AVAILABLE RECORDS:
========

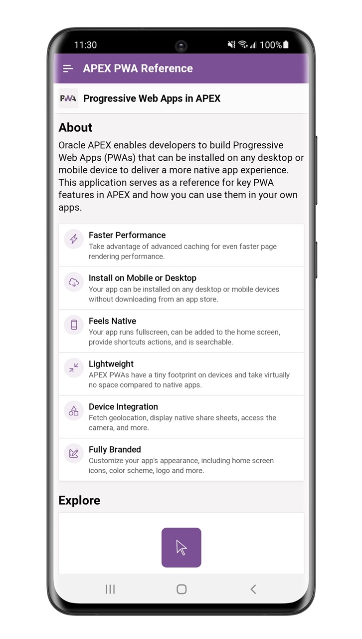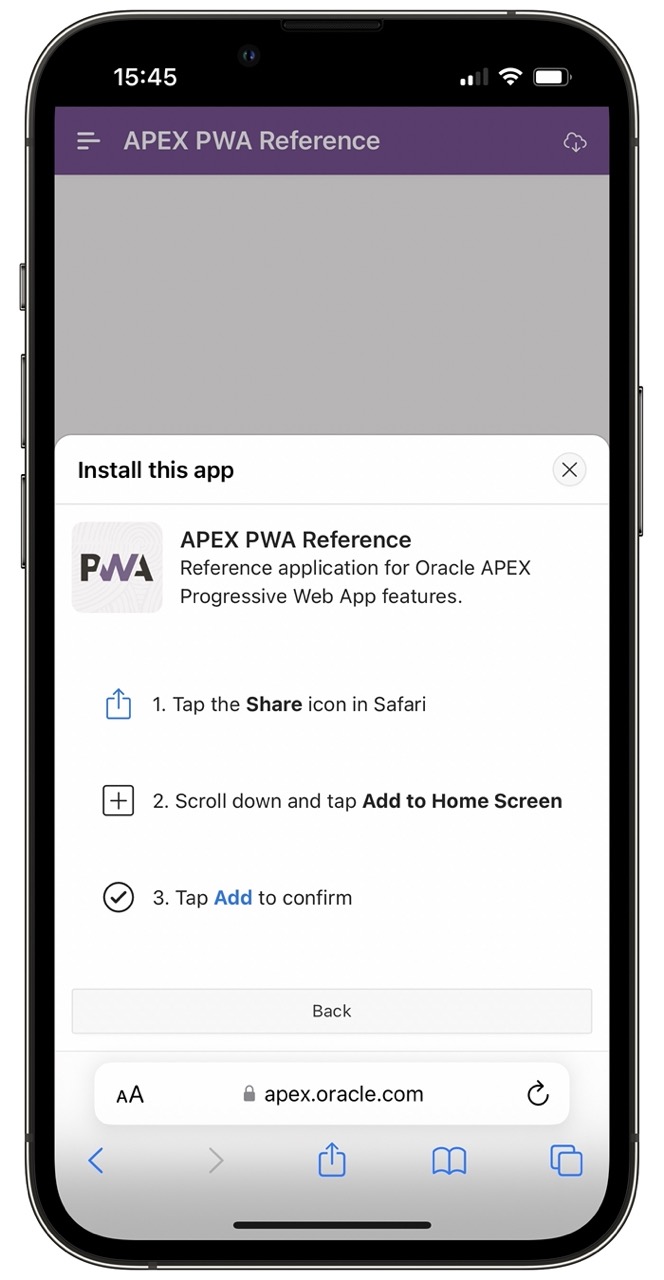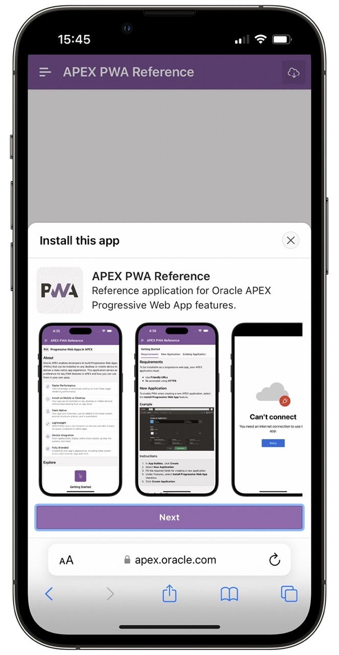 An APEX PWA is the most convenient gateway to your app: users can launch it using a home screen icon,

========

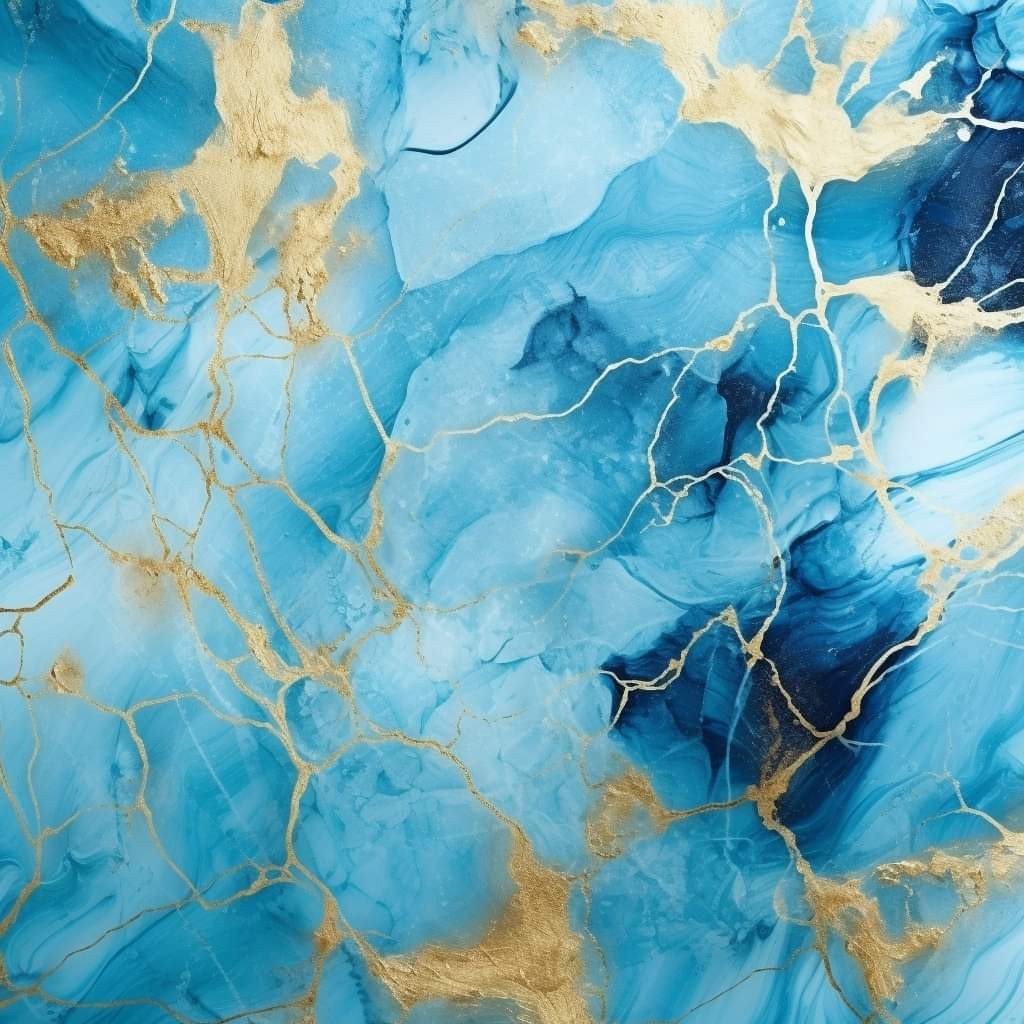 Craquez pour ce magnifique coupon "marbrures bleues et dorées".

========

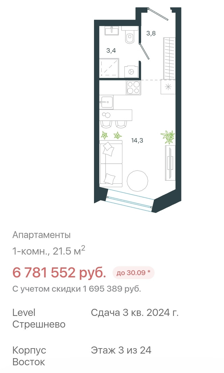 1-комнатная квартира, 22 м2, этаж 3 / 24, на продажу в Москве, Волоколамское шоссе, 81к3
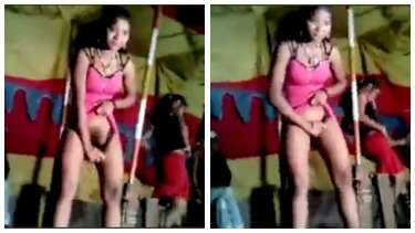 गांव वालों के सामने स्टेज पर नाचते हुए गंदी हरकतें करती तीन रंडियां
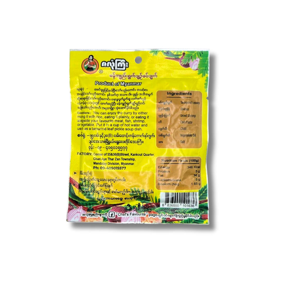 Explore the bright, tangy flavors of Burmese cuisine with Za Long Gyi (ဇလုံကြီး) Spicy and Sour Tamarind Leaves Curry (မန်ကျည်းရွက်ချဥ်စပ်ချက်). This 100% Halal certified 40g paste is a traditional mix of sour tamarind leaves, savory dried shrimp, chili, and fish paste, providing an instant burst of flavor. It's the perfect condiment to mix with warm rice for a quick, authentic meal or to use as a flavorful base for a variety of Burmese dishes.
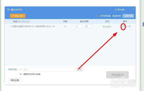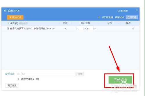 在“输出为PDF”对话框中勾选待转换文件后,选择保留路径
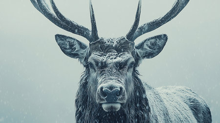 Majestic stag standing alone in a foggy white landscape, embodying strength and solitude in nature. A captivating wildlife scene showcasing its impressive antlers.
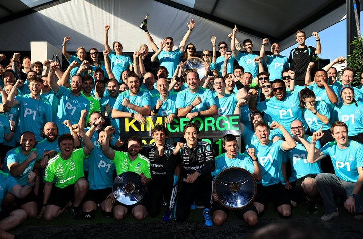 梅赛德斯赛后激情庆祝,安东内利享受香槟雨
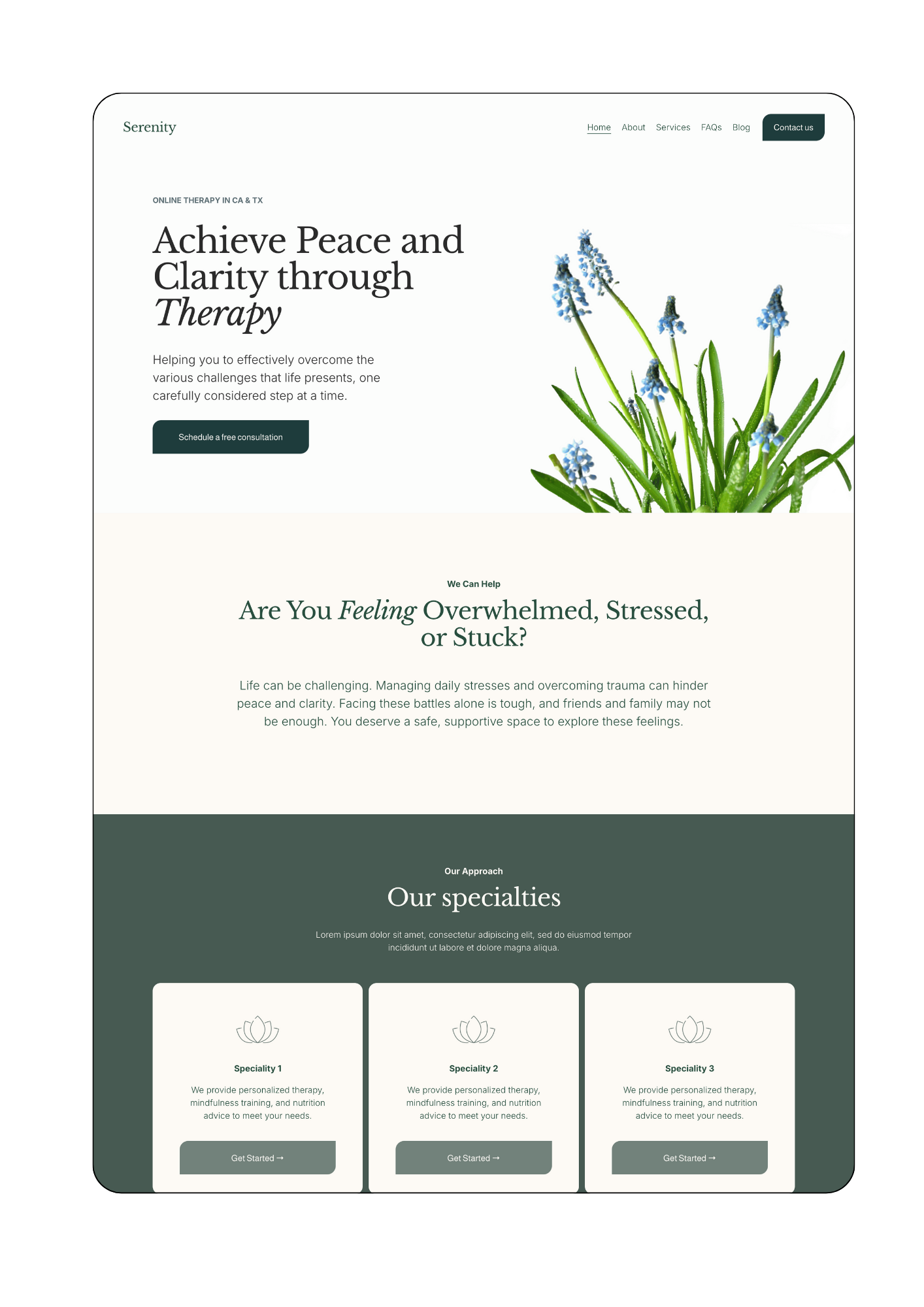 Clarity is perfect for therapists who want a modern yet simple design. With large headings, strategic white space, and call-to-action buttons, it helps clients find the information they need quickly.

========

TASK BRIEF: In the entries above, find the line containing "1-комнатная квартира, 22" and the line containing "गांव वालों के"; give again exactly those two lines and every line between them, minus the pictures.

RESPONSE TO THE EXERCISE:
 1-комнатная квартира, 22 м2, этаж 3 / 24, на продажу в Москве, Волоколамское шоссе, 81к3
 गांव वालों के सामने स्टेज पर नाचते हुए गंदी हरकतें करती तीन रंडियां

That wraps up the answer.